Furthermore, the reopening of the issue of the C-5 project affected his survey ratings, with Satur Ocampo, one of the members of his senate line-up, saying that he should face senate hearings about the issue.

Villar eventually lost to then-senator Noynoy Aquino, the son of former senator Ninoy Aquino and former president Corazon Aquino, while Legarda lost to Makati mayor Jejomar Binay.

=== Noynoy Aquino to Rodrigo Duterte's presidency: 2010–2022 ===

==== 2013 ====
Nacionalista forged a coalition with the Liberal Party, Nationalist People's Coalition (NPC), Sonny Angara's Laban ng Demokratikong Pilipino, Risa Hontiveros' Akbayan, and Magdalo led by Antonio Trillanes, who is also a Nacionalista member. The coalition became the Team PNoy. Nacionalista members fielded are Trillanes, Villar's wife Cynthia, and Alan Peter Cayetano.

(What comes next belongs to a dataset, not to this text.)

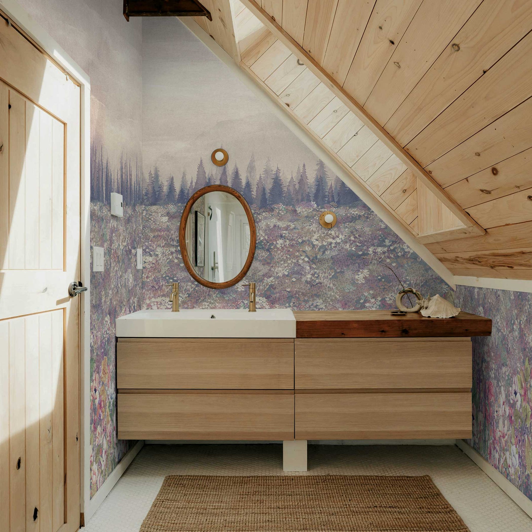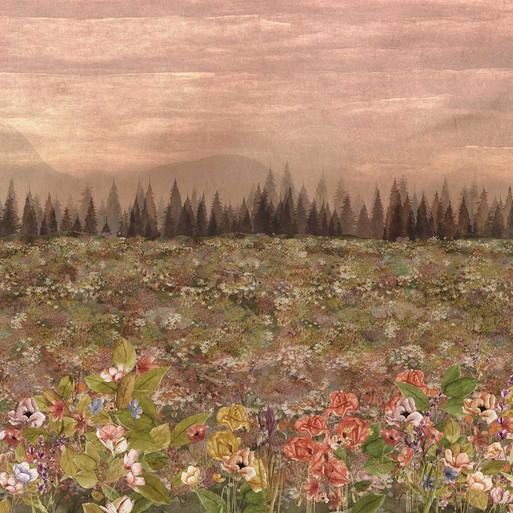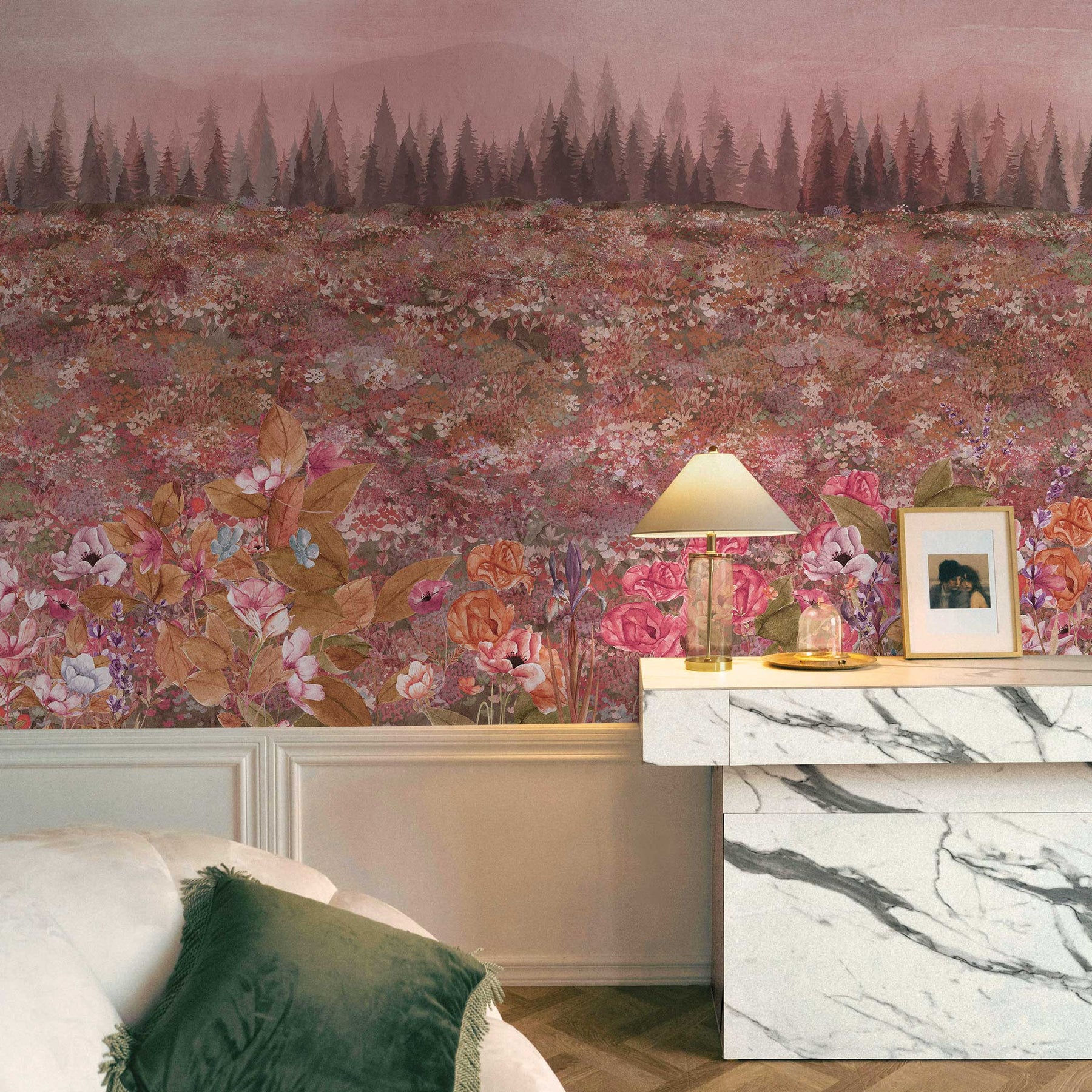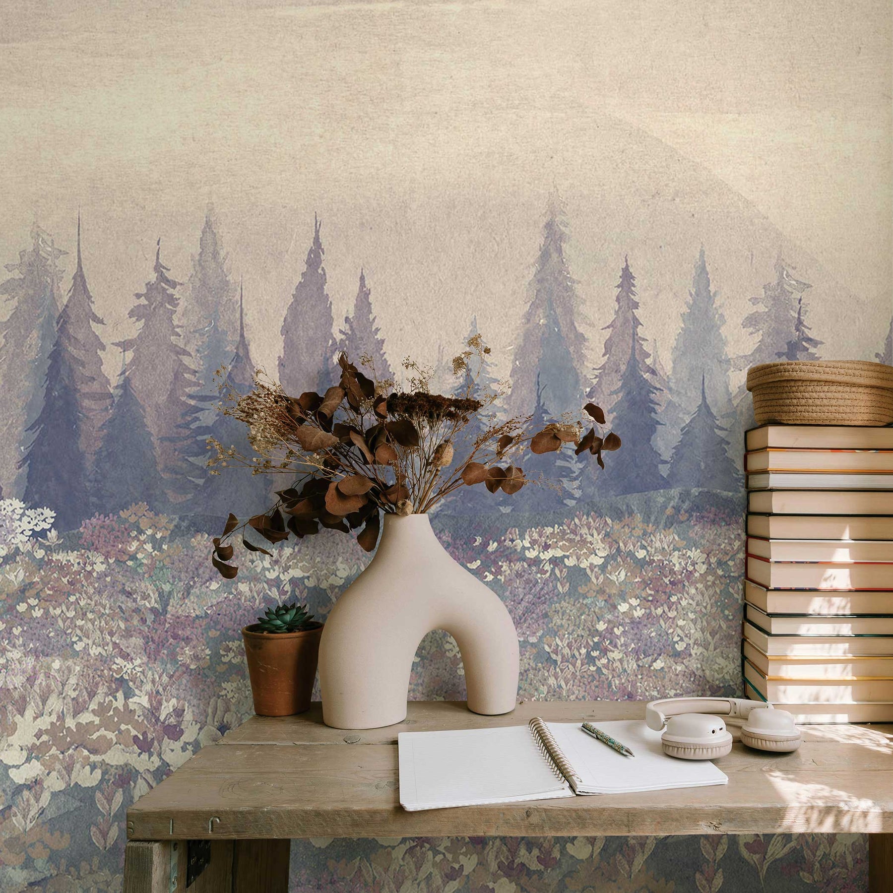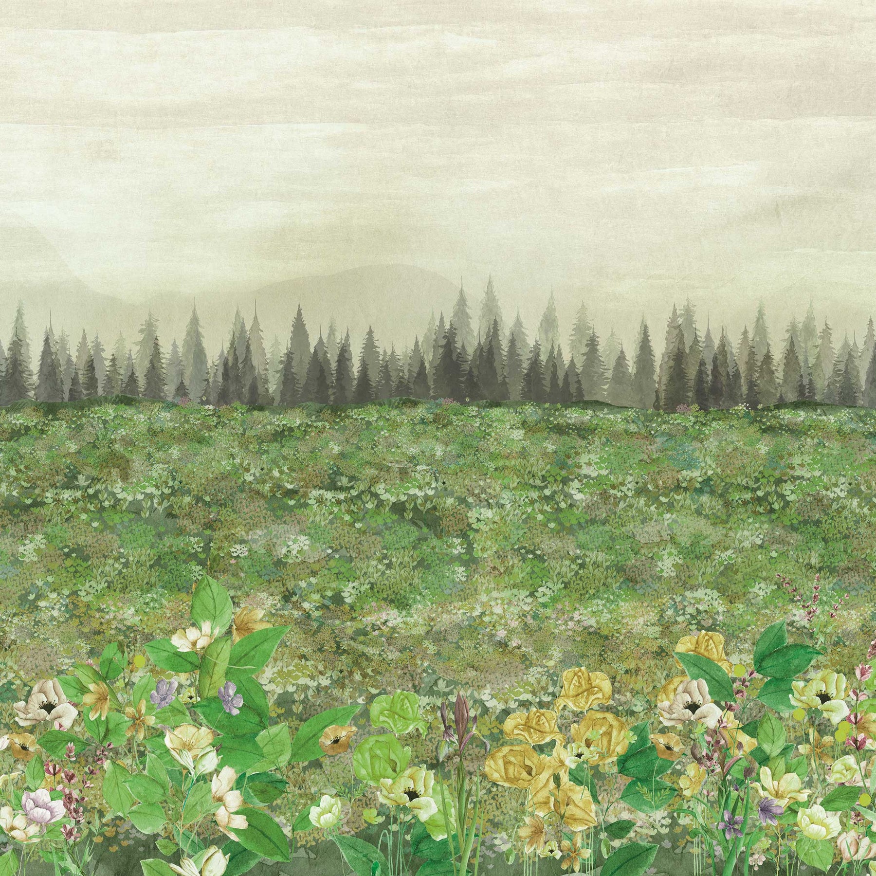 This scenic wall mural captures the serene beauty of a wildflower meadow stretching toward distant mountains and framed by tall evergreen trees. Soft painterly strokes and watercolor tones create a quiet escape that feels both grounded and dreamlike. Applied as a peel and stick wall mural, Wildflower Horizon envelops the room in vivid color and the natural rhythm of an artistic landscape.

The three won seats in the senate.

==== 2016 ====
On an April 2015 cruise from Manila to Japan, the Nacionalista Party were supposed to decide on their plans for 2016. However, they were not able to form a consensus on what to do. In May, Cynthia Villar said that they are considering adopting Grace Poe as their candidate. By July, Trillanes said that it is possible, but not with the inclusion of Chiz Escudero, her running mate. By September, she said that if Rodrigo Duterte decides to run for the presidency, the Nacionalistas might support him.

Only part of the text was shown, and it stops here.